We will first, add the functions h(x) and j(x), then compare the result with the function k(x) to show that they are equivalent.
The given functions are,
h(x)=1/2x+9
j(x)=1/2+6
k(x)=x+15
Now,h(x)+j(x)=1/2
x+9+1/2
x+6
=1/2x+1/2x+9+6
=x+15
And,k(x)=x+15 We know that two polynomials are equivalent if they have equal coefficients of corresponding powers of the independent variable.
∴h(x)+j(x)=k(x)
So,h(x)+j(x) is equivalent to k(x).
On adding the functions h(x) and j(x), we get the value that is the same as the function k(x).
So, the function h(x)+j(x) is equivalent to k(x)
Carnegie Learning Skills Practice Exercise 1.5 Explained
Carnegie Learning Algebra II Student Skills Practice 1st Edition Chapter 1 Exercise 1.5 Skills Practice Page 268 Problem 15 Answer
Given- The three polynomial functions,h(x)=−12x−1
j(x)=−7x+11
k(x)=−19x+10
To find- To show that h(x)+j(x) is equivalent to k(x).
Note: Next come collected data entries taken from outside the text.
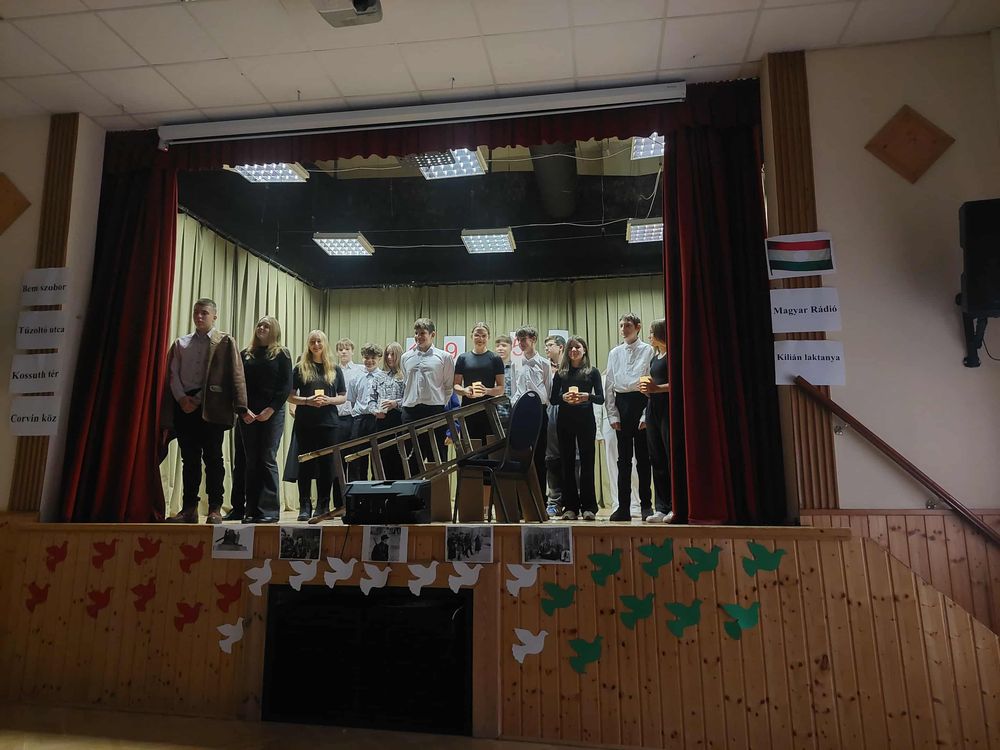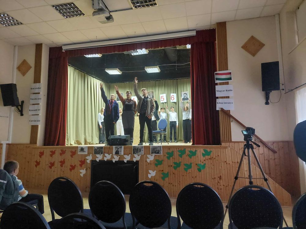 A nyolcadikosok Tégi Marcell tanárbácsi vezetésével egy család sorsán keresztül mutatták be az 1956-os eseményeket.
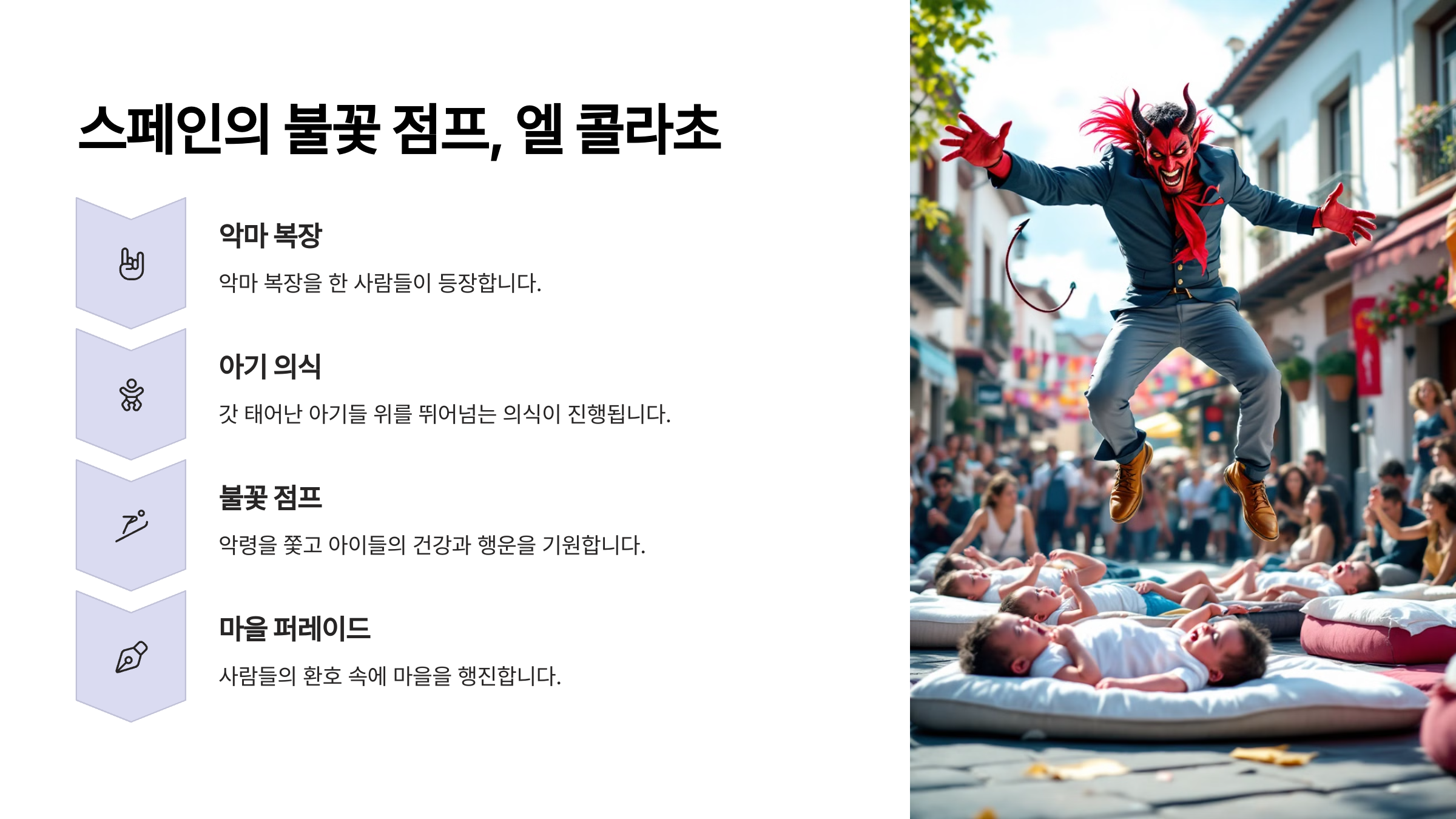 처음엔 믿기지 않았어요. 갓 태어난 아기들 위를 악마 복장을 한 사람들이 불꽃과 함께 뛰어넘는 축제가 있다니요? 스페인 북부의 작은 마을 카스트리요 데 무르시아에서 열리는
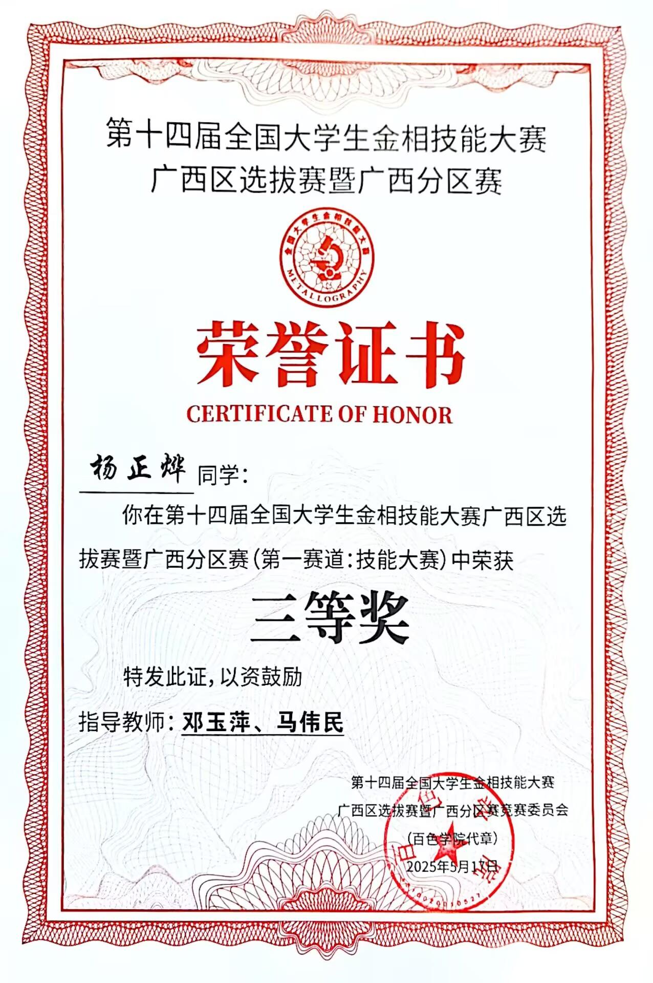 2025年5月16日-18日,第十四届全国大学生金相技能大赛广西区选拔赛在百色市举办,赛事由全国大学生金相技能大赛竞赛委员会指导、百色学院承办,吸引全区16所高校90余名选手参赛,聚焦材料学科专业技能与创新风采展示。
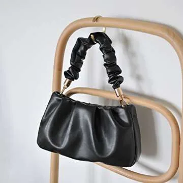 Cloud Pouch Bag Women Shoulder Handbag Soft Vegan Leather Vintage Hobo Chain Cross body Bag (Black)
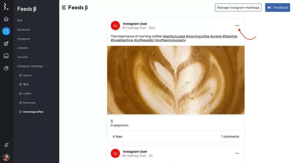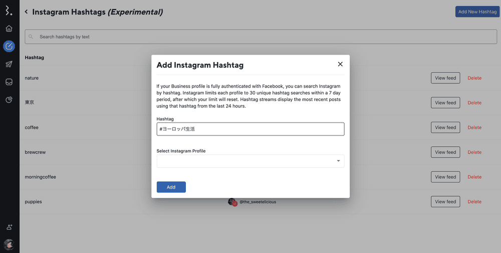 まったく新しいInstagramハッシュタグ機能を使用して、複数のハッシュタグフィードを作成し、Instagramで目的のハッシュタグ周辺のアクティビティをモニタリングします。ハッシュタグをモニタリングすることで、Instagramマーケティングの幅がぐんと広がります!

We will first, add the functions h(x) and j(x), then compare the result with the function k(x) to show that they are equivalent.
The given functions are,
h(x)=−12x−1
j(x)=−7x+11
k(x)=−19x+10
Now,h(x)+j(x)=−12x−1+(−7x+11)=−12x−1−7x+11
=−19x+10
And,k(x)=−19x+10
We know that two polynomials are equivalent if they have equal coefficients of corresponding powers of the independent variable.
∴h(x)+j(x)=k(x)
So,h(x)+j(x) is equivalent to k(x).
On adding the function h(x) and j(x), we get the value that is the same as the function k(x).
So, the function h(x)+j(x) is equivalent to k(x).